───── GIVEN MATERIAL

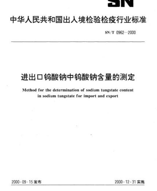 SN/T 0962规定了进出口钨酸钠中钨酸钠含量的测定方法。
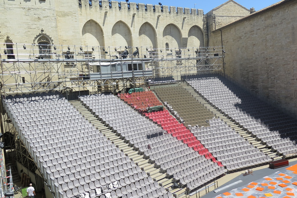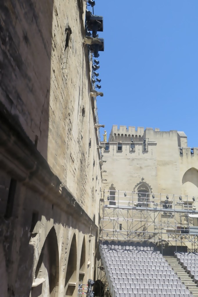 Durante el mes de julio, Aviñón es sede de un importante festival de teatro, de manera que el patio del palacio está acondicionado también para esta programación, lo que condiciona la visita e impide contemplar una parte del itinerario.
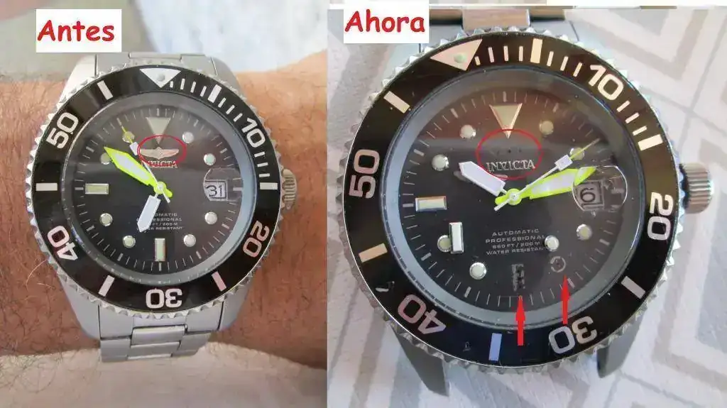 Al estar las ancoras en la barcaza tuve que cortar con la radial las viejas cadenas y la vibración de la máquina de disco acabó por hacer saltar dos índices de la esfera y unas alas al estilo Longines que hay sobre el logo de Invicta, y eso no es todo, al bajar las nuevas cadenas por la borda una de ellas me rozó el armis arrancando el reloj de la muñeca y cayendo al mar con la suerte que se trataba de un fondo arenoso a poca profundidad (7 mts) y lo localizé enseguida.

──────────

== TRY IT ==
Extract the full listing exactly, with the pictures left out.

== WRITTEN ANSWER ==
 SN/T 0962规定了进出口钨酸钠中钨酸钠含量的测定方法。
 Durante el mes de julio, Aviñón es sede de un importante festival de teatro, de manera que el patio del palacio está acondicionado también para esta programación, lo que condiciona la visita e impide contemplar una parte del itinerario.
 Al estar las ancoras en la barcaza tuve que cortar con la radial las viejas cadenas y la vibración de la máquina de disco acabó por hacer saltar dos índices de la esfera y unas alas al estilo Longines que hay sobre el logo de Invicta, y eso no es todo, al bajar las nuevas cadenas por la borda una de ellas me rozó el armis arrancando el reloj de la muñeca y cayendo al mar con la suerte que se trataba de un fondo arenoso a poca profundidad (7 mts) y lo localizé enseguida.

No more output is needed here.